I'm trying an experiment in which I'm putting an 11 deg back-bevel on an old Chicago Cutlery 10" chef's knife. I want to see if a very narrow primary bevel will improve cutting ease. I've noticed the rest of my wife's cutlery have very narrow primary bevels.

BTW, I started out with a cheap 10X jewelers loupe from Grizzly. So cheap I bought 4 of 'em. I don't see them listed on their website - will have to find them in the new catalog. What's really nice about it, is that they focus on the plane of the bottom face. So if you simply rest the plastic rim on the knife edge or side of one bevel, you can immediately see what you're trying find.

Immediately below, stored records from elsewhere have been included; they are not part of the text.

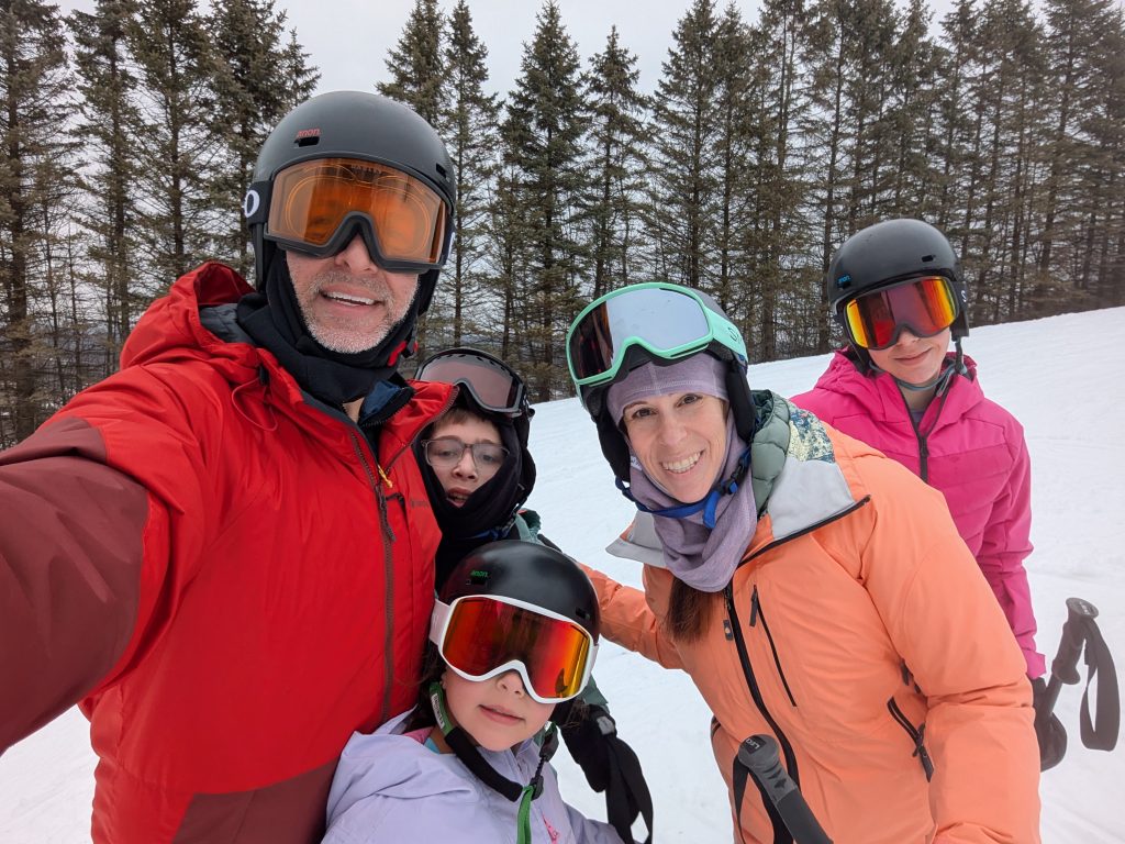 Thursday we had a relaxed morning and then headed to Blue Mountain for skiing! I had definitely skied there as a teen/tween though in my mind all of the Pocono mountains are mixed up (Big Boulder / Jack Frost / Blue / Montage / Shawnee / Camelback / etc). (My family did not ski, but I learned through the school ‘ski club’ which took bus trips on various weekends at really low cost. I also tagged along with one of my friend’s family on their day trips up, too.)
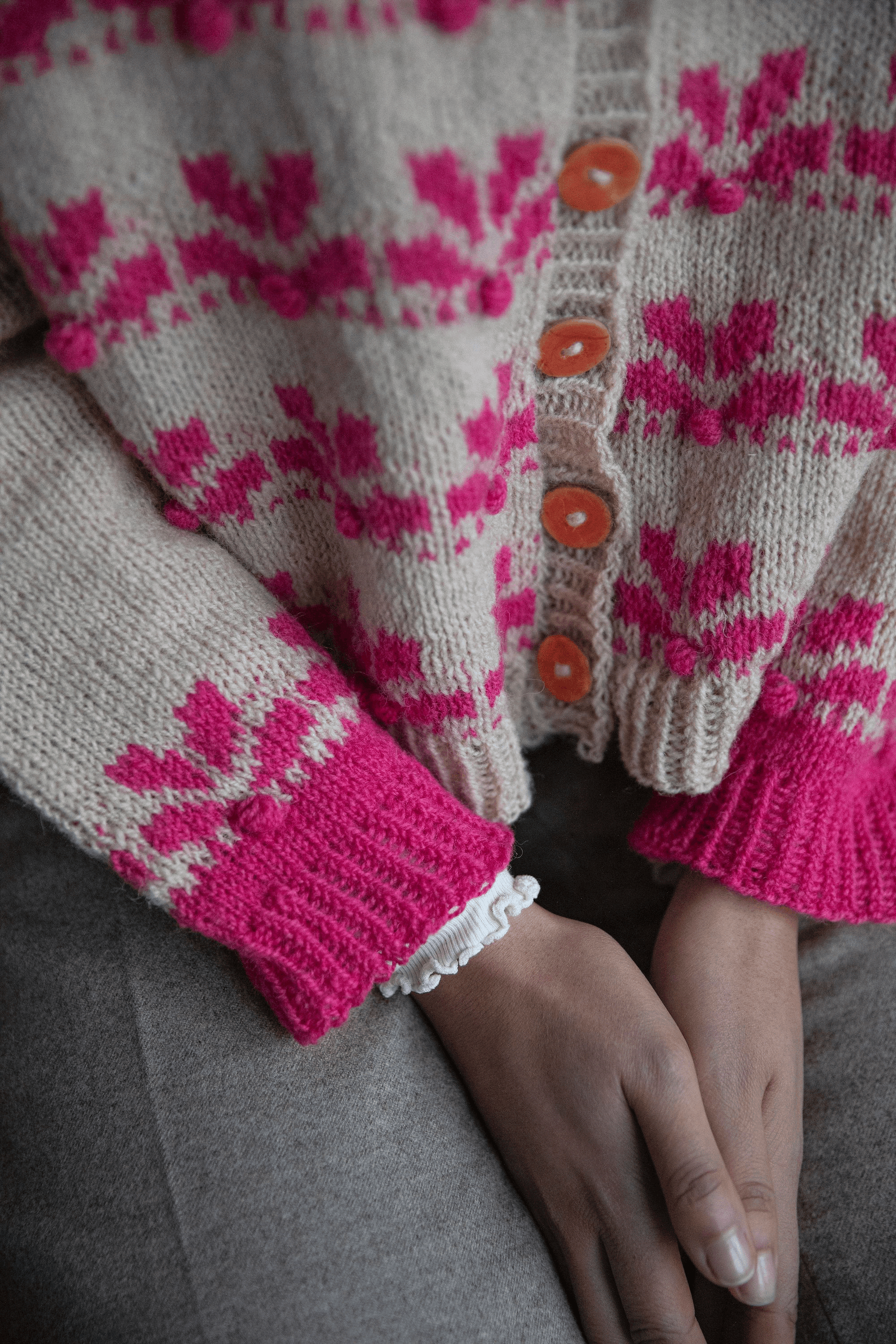 17 patterns: 7 sweaters, 5 cardigans, 2 pairs of socks, 1 cowl, 1 pair of mittens and 1 pair of fingerless mitts.
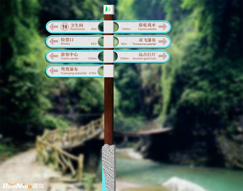 3、单柱式:该类旅游景区标识的构造简单,设定场地一般挑选狭小的旅途,它一般设定在2个或好几个空间彼此之间转换或交叉的本地。一般做为交通出行导向性标识牌来应用,柱头上能够一起设定总数较多的标识牌,传递很多的标示信息和相对应的标示方位,那样就能让游客在没有了解的空间中迅速,很快地得到信息。
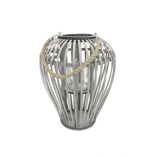 Holz Weide Laterne mit Glaseinsatz aus dem Hause GILDE H: 26cm Ø 24cm Farbe: Grau
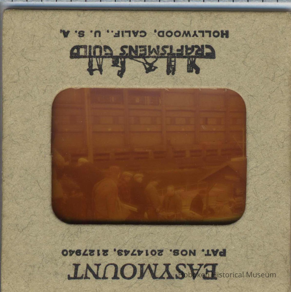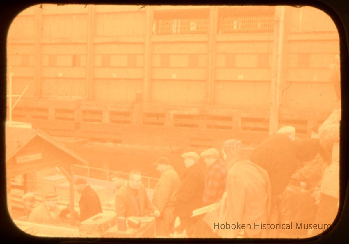 Color slide of actors and crew on pier set of the motion picture "On the Waterfront", Hoboken, no date, ca. late 1953-early 1954.
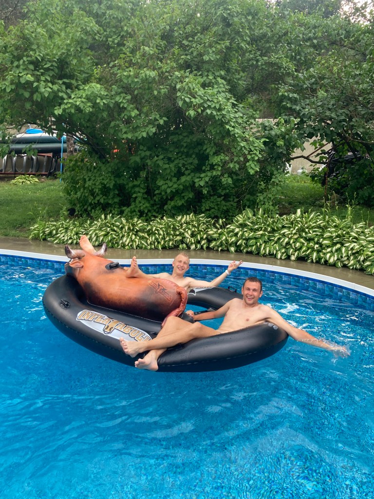 Gusti ja Mattias host-pere basseinis pulliga ratsutamas🐂
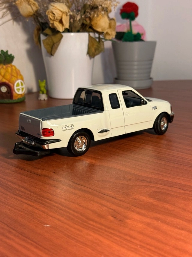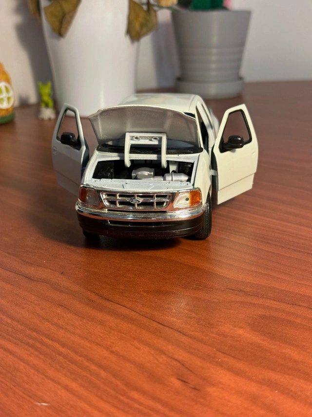 This is a used, good condition 1/24 scale diecast model of the 2001 Ford F-150 XLT Flareside Supercab Pickup Truck by Motormax. It's approximately 9 inches long and features an accurate body profile, including the unique flared rear fenders. Made of diecast metal with some plastic parts and real rubber tires. The doors, hood, and tailgate open. It has a detailed interior, engine bay, and chassis. A great item for Ford enthusiasts or diecast collectors.
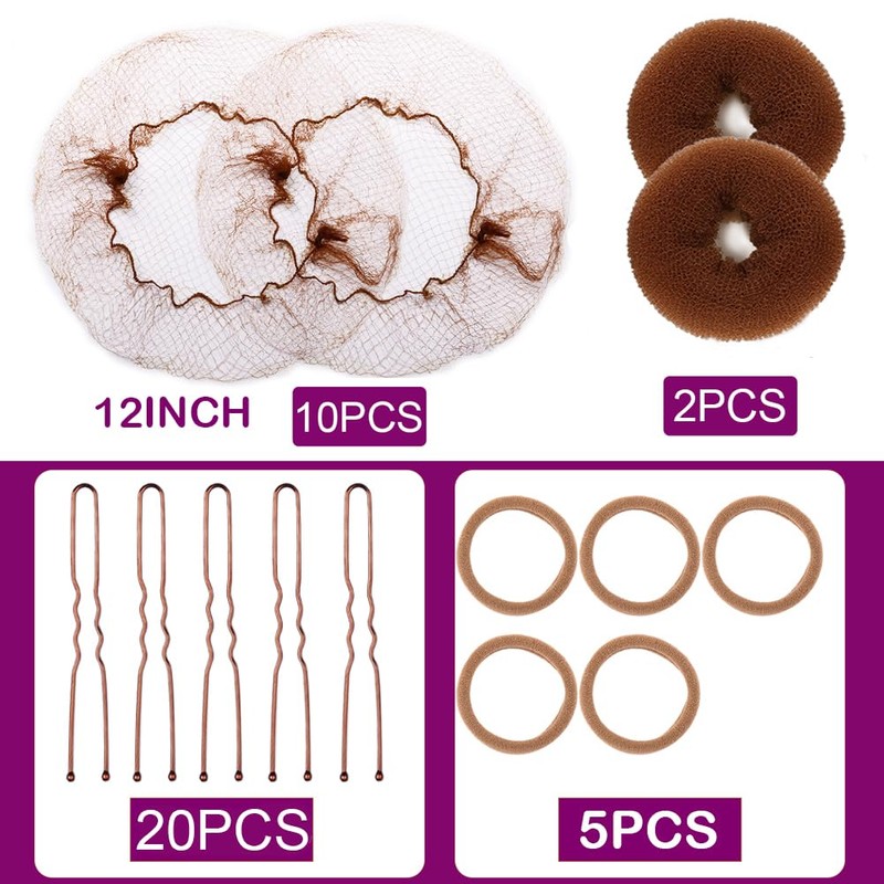 - All In One Hair Bun Solution: Our complete hair bun shaper set includes bun rings, hair nets, and hair pins for a polished look every time. Say goodbye to messy buns and hello to sleek, elegant hairstyles. Easy to use, add volume and fullness to your hairstyle and make you look elegant. Keep your hair neat and tidy

I recently bought a new Celestron USB 5Mpixel microscope, ($107??) which doesn't have a variable power, instead they do it in software (which is light years ahead of the Chinese version). I have it hooked up to an old laptop with a somewhat larger screen. Adjusting the roller on the 'scope body, doesn't change the power, it moves the actual sensor lens closer or farther and is intended for fine focus. I finally duplicated the loupe principle by adjusting the 'scope to focus on the plane of the clear polystyrene lens protector. This means I can slide the camera all along the edge, watching for oopses on the screen as I go. The Celestron luckily has a dial in its cable that allows you to infinitely adjust the LED lighting as you work and it has a button you can use to capture images.

I'll try o get some images of the WorkSharp edges along with images of the same knife with a WE edge.

All of the microscopes in my price range have got very limited depth of field. Looking down on an edge makes it very difficult to focus. The depth of field is shallow enough that if you zero in on the edge, very little of the bevel is visible. The edge as it gets finer than 400g becomes a point that doesn't seem to exist and therefor can't be seen. I know that seems silly, but finding exact focus when the edge tends to produce aberrations is a real chore.